The FTSE 100 is the UK’s largest stock market index. The blue-chip Footsie, created in 1984, tracks the value of 101 of London’s largest companies (one firm has dual-listed shares). Today, the index accounts for the vast majority — roughly four-fifths (80%) — of London’s total market capitalisation.
The FTSE 100: a flop between 2000 and 2021
Launched with an initial starting value of 1,000 points, the FTSE 100 stands at 7,024.35 points as I write late on Friday afternoon. In other words, it has grown to roughly seven times its original worth over 37.5 years. That equates to a CAGR (compound average growth rate) of roughly 5.3% a year. That’s not great, but it’s also not grim. Furthermore, this excludes dividends, which play a big role in the FTSE 100’s total return. Adding in yearly dividends of, say, 4% would bump up the Footsie’s return to a respectable 9.3% a year since 1984.

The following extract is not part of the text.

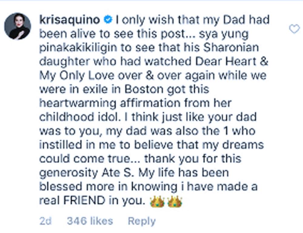Saad ni Kris, “I think just like your dad was to you, my dad was also the one who instilled in me to believe that my dreams could come true. Thank you for this generosity Ate S. My life has been blessed more in knowing I have made a real friend in you.”

Now for the bad news. Since Millennium Eve (31 December 1999), the FTSE 100 has essentially gone nowhere. Thus, the index’s greatest returns came in the first 16 years of its existence. That’s because it has traced out a giant W-shape over the past two decades. The first downward leg of my ‘Big W’ happened between December 1999 and March 2003. During this time, the index collapsed by more than half (-52.6%). It crashed from a closing high of 6,930.2 points at end-1999 to a closing low of 3,287 on 12 March 2003.
Then came the rebound leg, which lasted from 12 March 2003 to 15 June 2007. During this bull (rising) market, the FTSE 100 went from 3,287 to 6,732 points, more than doubling (+104.8%). The subsequent crash was during the global financial crisis of 2007-09. At its bottom, the Footsie hit 3,512 on 3 March 2009, crushed by almost half (-47.8%). And the final upwards leg of my Big W runs from March 2009 to the present day. However, this was interrupted by the market meltdown of spring 2020, followed by the index’s bounce-back.
That’s the past. I buy the Footsie’s future today
So, the FTSE 100 has added under 100 points from end-1999 to today. In other words, that’s a capital gain of 1.4% in almost 22 years. That is absolutely awful, making the Footsie an utter flop, dud, and dog in global terms. Hence, the 4% or so a year from yearly cash dividends has been the index’s main return during this century. By any standards, that’s a truly terrible reward for the risky business of investing in shares.
But when all’s said and done, I’m a pretty optimistic chap. When I look at the FTSE 100 today, I don’t see its troubled recent past. What I see is the potential of the index’s best businesses to produce future cash flows, profits, earnings per share, and dividends. Therefore, in terms of its historical returns and international comparisons, the UK’s main market index looks pretty cheap to me nowadays. When I review global markets, I see bubbles almost everywhere: in US stocks, property, bonds, and cryptocurrencies. But when I dig into the Footsie, I see pockets of value popping up left, right, and centre.
Finally, the FTSE 100 as a whole now trades on a forecast 2021 price-to-earnings ratio of 14.7 and an earnings yield of 6.8%. It also offers a forecast 2021 dividend yield of 3.9%. To me, that’s just too cheap right now. Thus, though I worry about the Delta coronavirus variant, slowing economic growth and rising inflation, I’d happily to buy the Footsie at current levels!